PS: The reason I mention the lab is because it is actually close to you and it could be done.
PPS; This is what the "green" forum thinks. "It does matter in the same way that it matters for beer. You get more esters and fusel alcohol at higher temperatures. I also believe that you get less honey aroma when you ferment higher. I try to do my fermentations near the lower end of the fermentation range. I think low-to-mid-60's would be perfect for D-47. "
I do believe that is correct and absolutely in line with expectations. At maximal metabolic rates you won't see all carbon chains chewed down to ethanol. And you will see some things you like for aroma get metabolized if you let the yeast orgy go on for a very long time. (that'll be the honey flavor)
 
Most cider makers try to keep temperatures down, for a slow fermentation. A fast fermentation gives more volatilization of flavour compounds, as the CO2 bubbles through quickly, you lose some flavour. I ferment at fairly high temps, mid 70s, and this year I noticed an estery flavour of bubble gum, though this disappeared with age.
 
I just bottled my latest batch of cider a couple days agand I hit 78 i believe on the 3rd or 4th day of the fermentation, and took me a while to get it down, but it had mellowed out considerably. I wouldnt worry at all.
 
yeah. you are "not screwed" :p

don't worry have a homebrew? isn't that papazians favorite line?
 
Because I'm sure everyone is hanging on the edge of thier seat....I figured I'd give you an update.

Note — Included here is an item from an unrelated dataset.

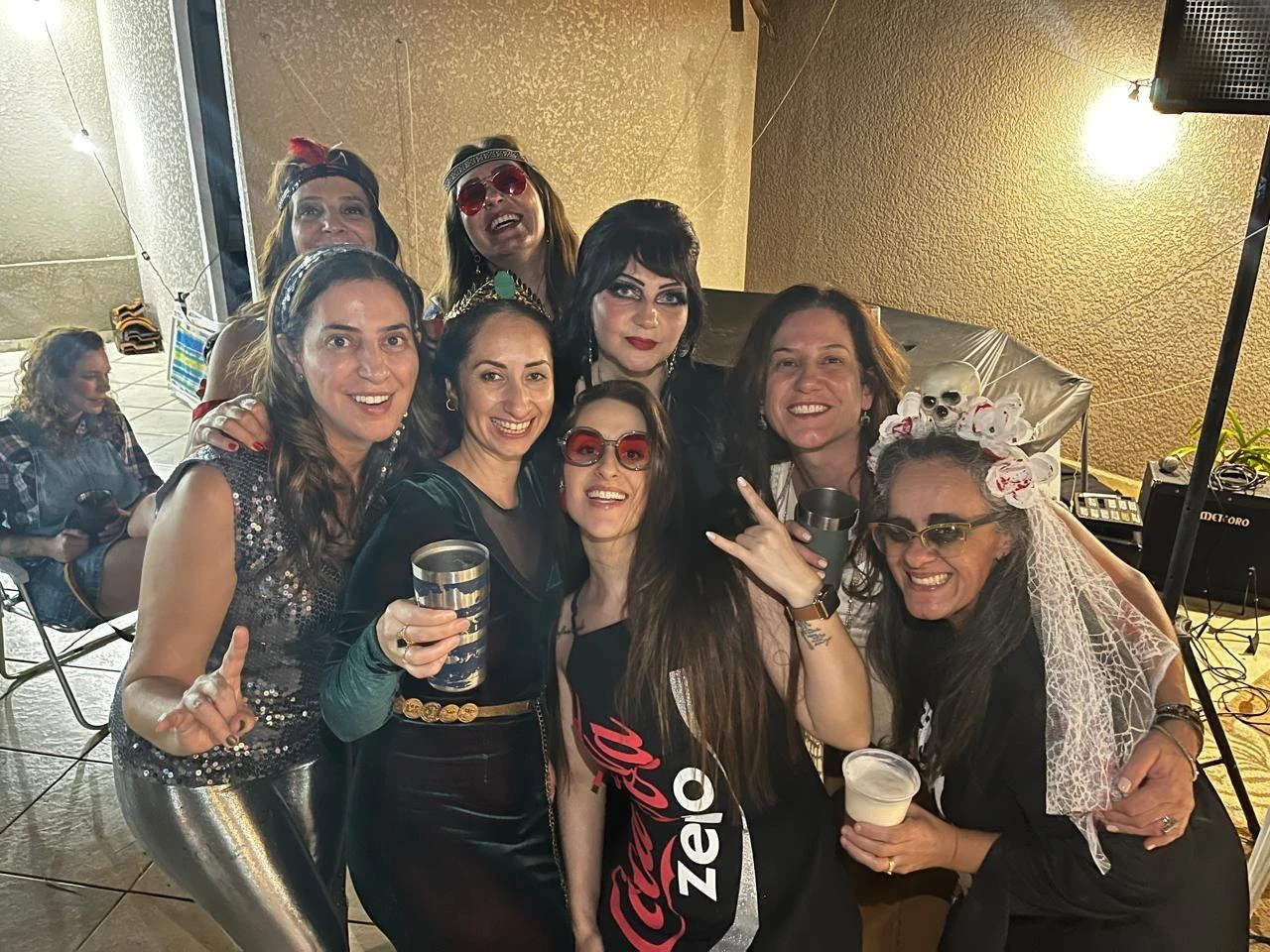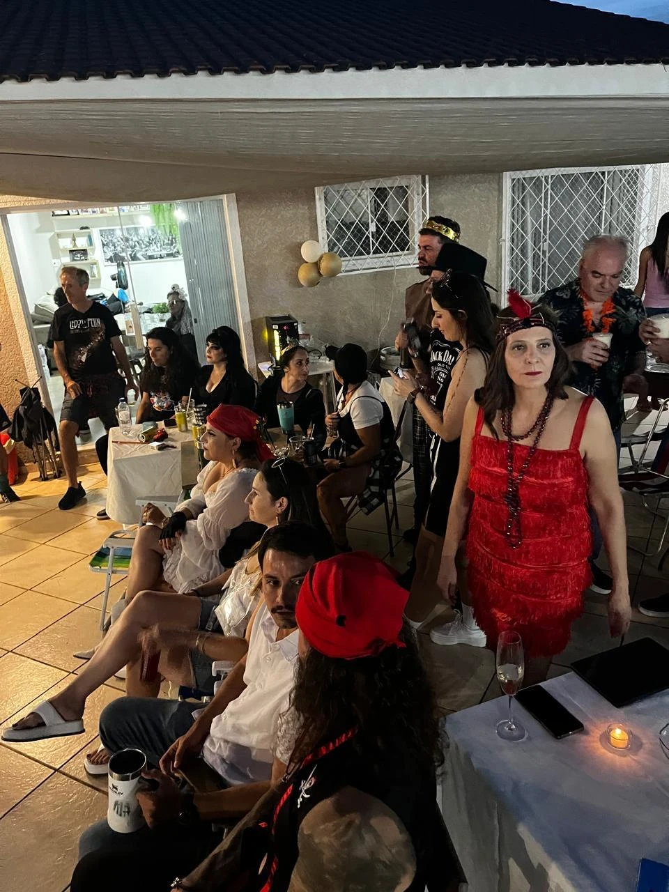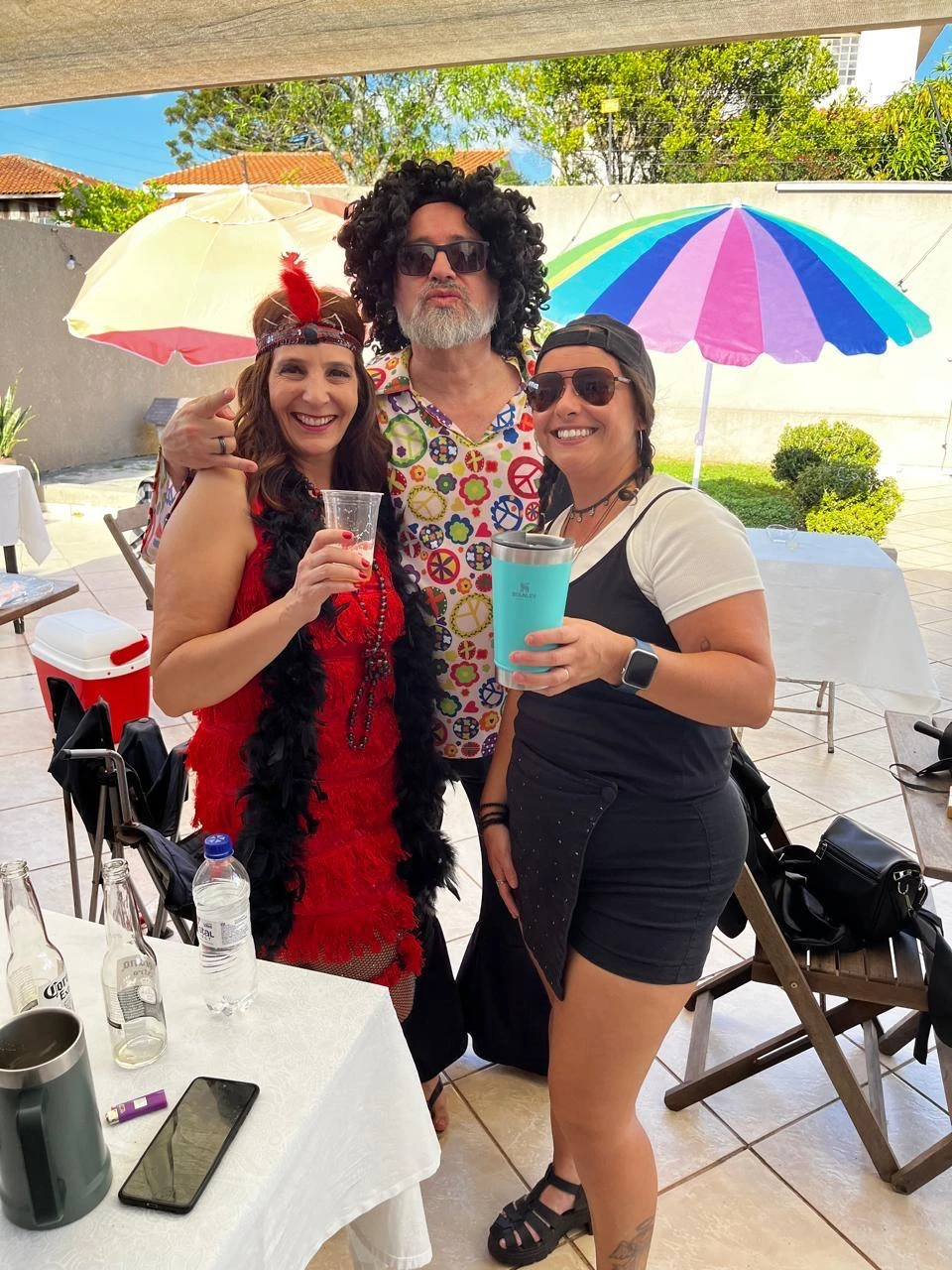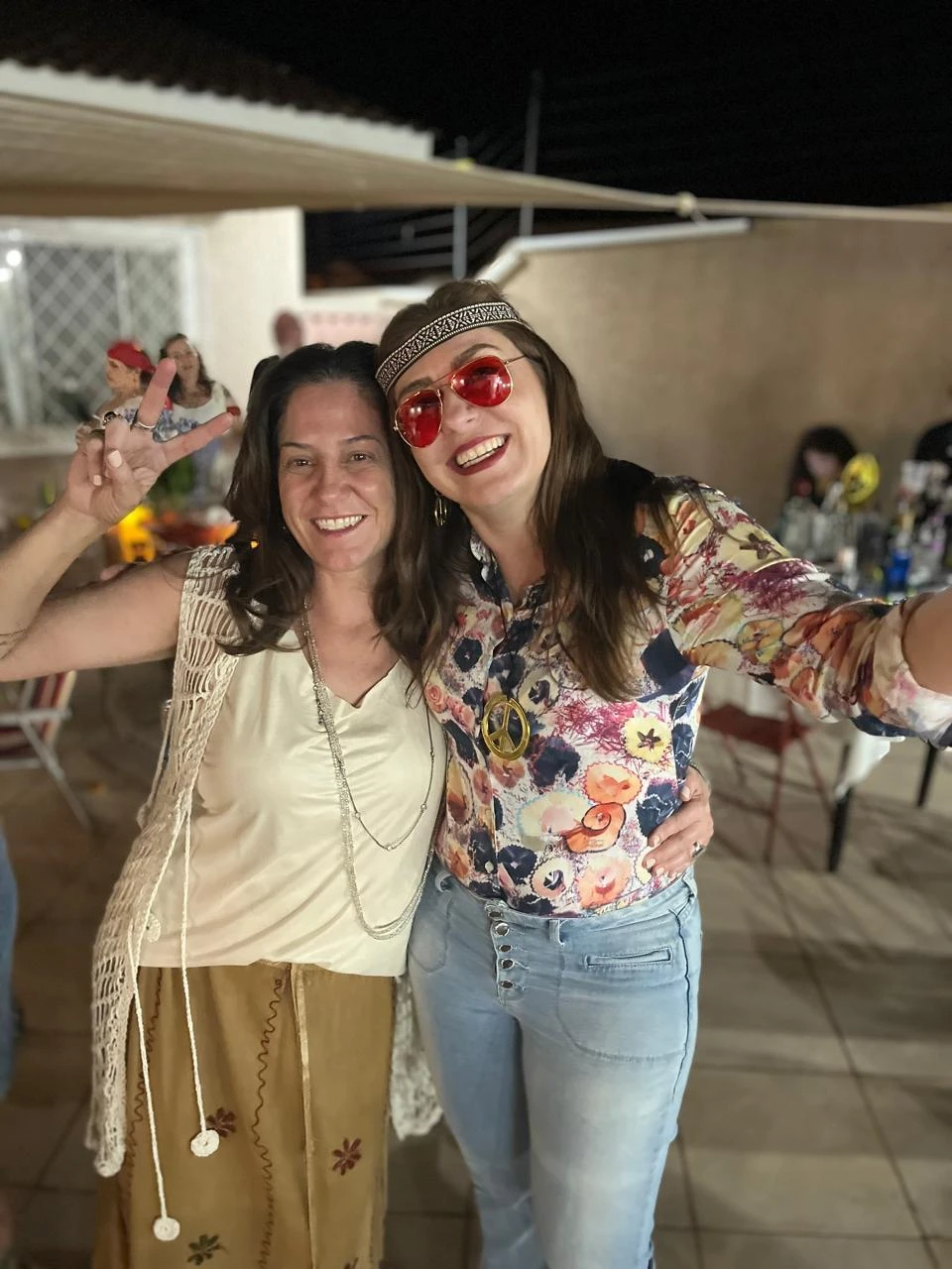 A proposta foi recebida com entusiasmo por todos os convidados, que se dedicaram com afinco à produção de figurinos criativos, ousados e cheios de personalidade. Cada personagem escolhido revelou não apenas o bom humor dos presentes, mas também o afeto que nutrem pela anfitriã que estava caracterizada de Janis Joplin. Foi um verdadeiro desfile de originalidade e carinho, com cada convidado se superando em sua escolha. A animação da festa foi um dos grandes destaques da noite. Com muito talento e energia contagiante, as bandas FNM (@bandafnm), Triolnbuia (@triolnbuia) e Theronies (@theronies) garantiram um repertório vibrante que não deixou ninguém parado. A presença marcante do marido de Diti, seu fiel escudeiro @emersonmarcosgomes, também se destacou, contribuindo com sua dedicação e parceria para que tudo saísse perfeito. Entre risos, abraços e surpresas, o que se viu foi uma celebração à vida, à amizade e à alegria de viver.

At 0 hours, temps in the mid 80's. After 12 hours, very active fermentation and temps around 78. At 24 hours temps stabilized at 72 and fermentation is CRAZY!!! I actually had to add some cheap vodka to the airlock! The cider actually looked like it was simmering!

At 36 hours, fermentation is slowing down a bit to about 3 bubbles per second and temps are steady at about 70-71. At this rate, fermentation will probably be done by 48-72 hours.

I'll let it chillax in the carboy for about 3 weeks and I'll bottle age it for a couple months. YUMMMM!